§ EXERCISE DATA

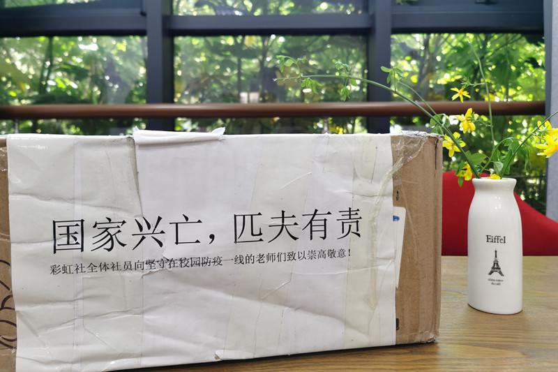 捐赠物品,齐心抗击疫情。4月21日,bat365“彩虹公益社”负责人吴金铭同学致电校团委,为助力学校抗击新冠肺炎疫情,“彩虹公益社”全体成员自发集资,购买了500只口罩捐献给学校,希望借此举为学校抗疫工作助力。4月27日,校团委老师将同学们寄来的捐赠口罩转交给工作在抗疫一线的后勤人员,转达同学们的敬意和爱心。
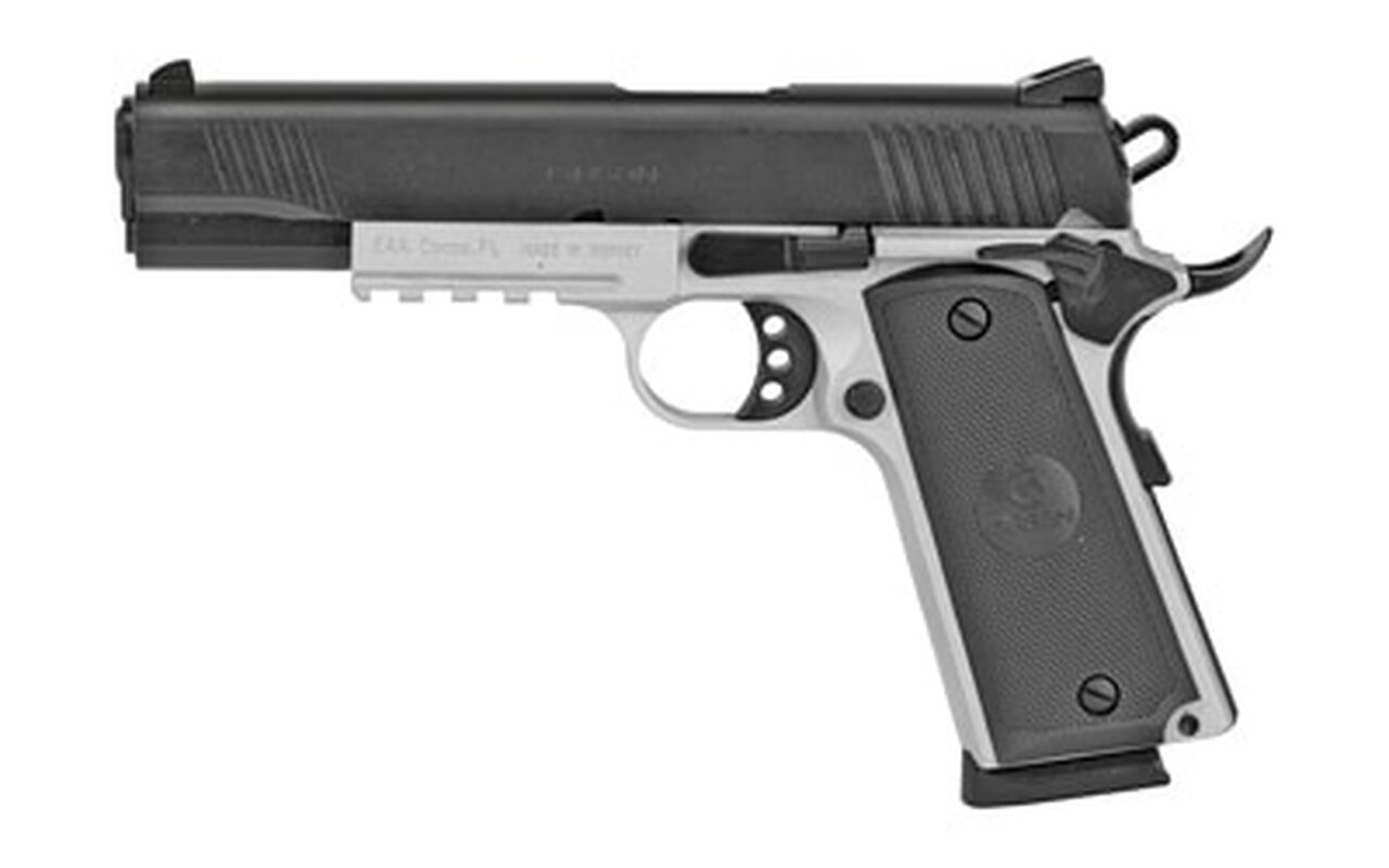 Girsan, MC1911S, Semi-automatic, 1911, Full Size, 45ACP, 5″ Barrel, Steel Frame, Two-Tone Finish, Synthetic Grips, Extended Beavertail, Accessory Rail, Fixed Novak Sights, 8RdManufacturer Girsan
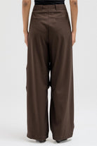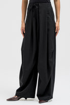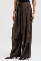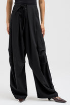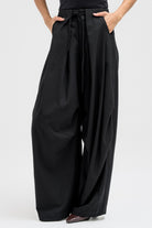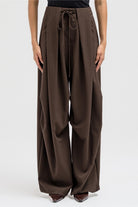 Elegant yet relaxed, these pants feature a soft draped silhouette with subtle pleating for a fluid, elongated look. Designed with adjustable drawstrings to customize the fit and create gentle gathers along the waistline. Finished with a metal clasp and zipper closure, blending functionality with a refined, modern edge. Perfect for pairing with structured tops or effortless layers.
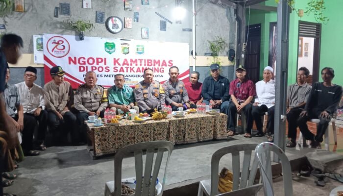 MEDIAINVESTIGASIMABES.CO.ID | Ciledug – Program ngopi kamtibmas yang dilaksanakan Kapolsek Ciledug Kompol Ubaidillah,SH.MA bersama Jajaran serta Lurah Sudimara Selatan Bapak H. Junaidi,S.Sos, Tokoh Agama, Tokoh Masyarakat dan warga di Pos Satkamling Jl. Beringin RT 02/09 Kel. Sudimara Selatan Kec. Ciledug Kota Tangerang.
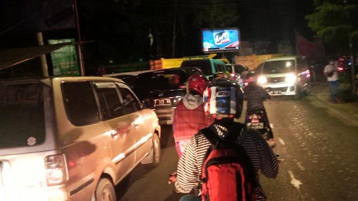 Kemacetan kendaraan terjadi jalan poros Makale-Rantepao, tepatnya disekitar SPBU Mandetek, Tana Toraja, Selasa (8/6/2021) malam.
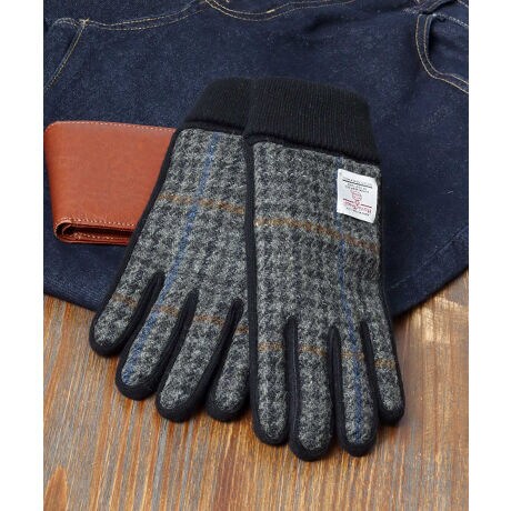 Harris Tweed/ハリスツイード 格子柄 ツイード ピックレザーグローブ
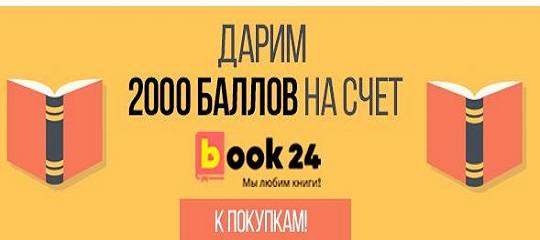 С 8 по 11 декабря все клиенты, прошедшие регистрацию на нашем сайте до 23.00 7 декабря, получат на бонусный счет 2000 дополнительных баллов в подарок от Book24. Этими баллами можно оплатить до 30% от стоимости любого заказа в нашем интернет-магазине и сделать покупку еще более выгодной.
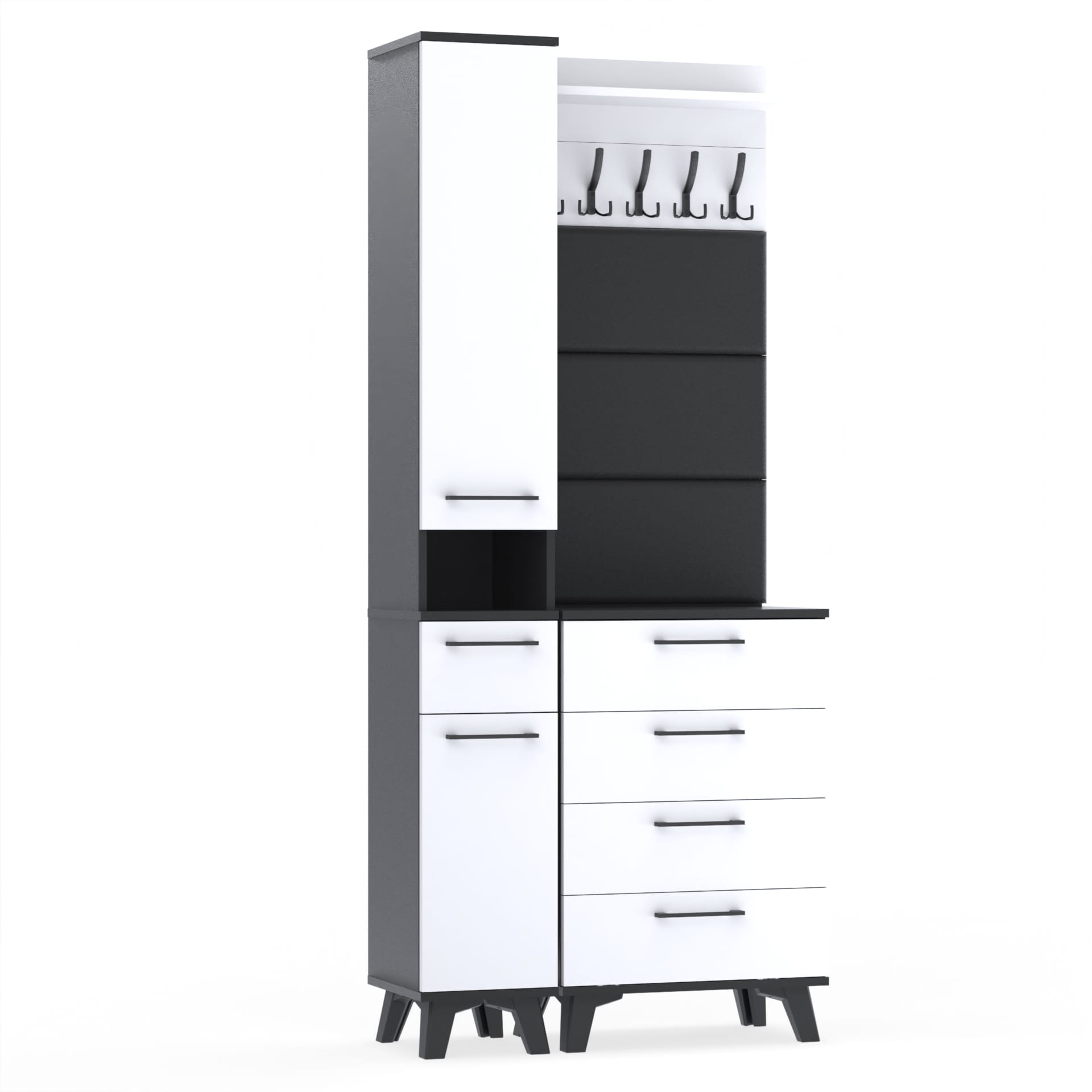 Ciesz się wygodą i stylem, który wprowadzi do Twojego domu ten kompleksowy zestaw mebli. Idealne do przechowywania ubrań, obuwia i innych przedmiotów codziennego użytku, te meble dodadzą elegancji i funkcjonalności każdemu przedpokoju.
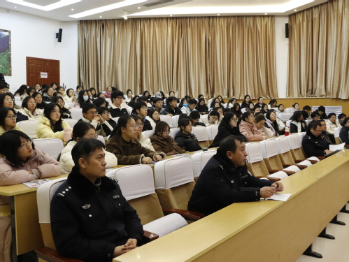 为构建学院“大安全”工作格局,以系统思维和整体观念谋划安全工作,维护好正常的教学、生活、工作秩序,为新学期安全教育工作开好头、起好步,2月20日晚,我院邀请新乡市公安局牧野分局电侦大队副大队长靖士超、政保大队副大队长马东海、网安大队副大队长高翔、东干道派出所副所长马贯忠、党委保卫部公共安全科副科长靳龙,为学院开展安全教育宣讲会,“一站式”社区负责人、全院师生共200余人参加。会议由学院党委副书记朱进主持。
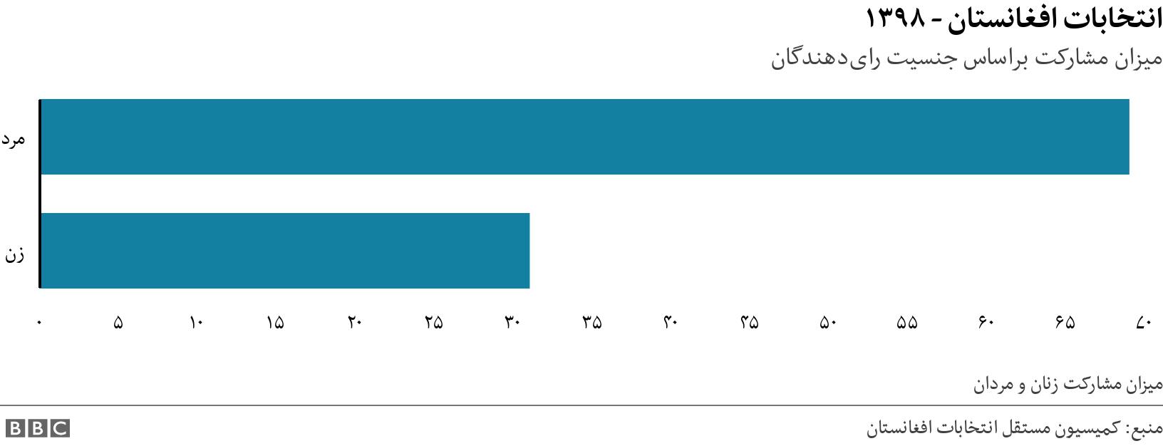 از مجموع یک میلیون و ۸۲۴ هزار و ۴۰۱ رایدهنده در انتخابات افغانستان سی و یک درصد از آن زنان بودند.

§ TASK INSTRUCTIONS
Both the line above containing "Kemacetan kendaraan terjadi" and the line containing "Ciesz się wygodą" belong in the copy, along with every line between them; print these exactly and omit the pictures.

§ SOLUTION
 Kemacetan kendaraan terjadi jalan poros Makale-Rantepao, tepatnya disekitar SPBU Mandetek, Tana Toraja, Selasa (8/6/2021) malam.
 Harris Tweed/ハリスツイード 格子柄 ツイード ピックレザーグローブ
 С 8 по 11 декабря все клиенты, прошедшие регистрацию на нашем сайте до 23.00 7 декабря, получат на бонусный счет 2000 дополнительных баллов в подарок от Book24. Этими баллами можно оплатить до 30% от стоимости любого заказа в нашем интернет-магазине и сделать покупку еще более выгодной.
 Ciesz się wygodą i stylem, który wprowadzi do Twojego domu ten kompleksowy zestaw mebli. Idealne do przechowywania ubrań, obuwia i innych przedmiotów codziennego użytku, te meble dodadzą elegancji i funkcjonalności każdemu przedpokoju.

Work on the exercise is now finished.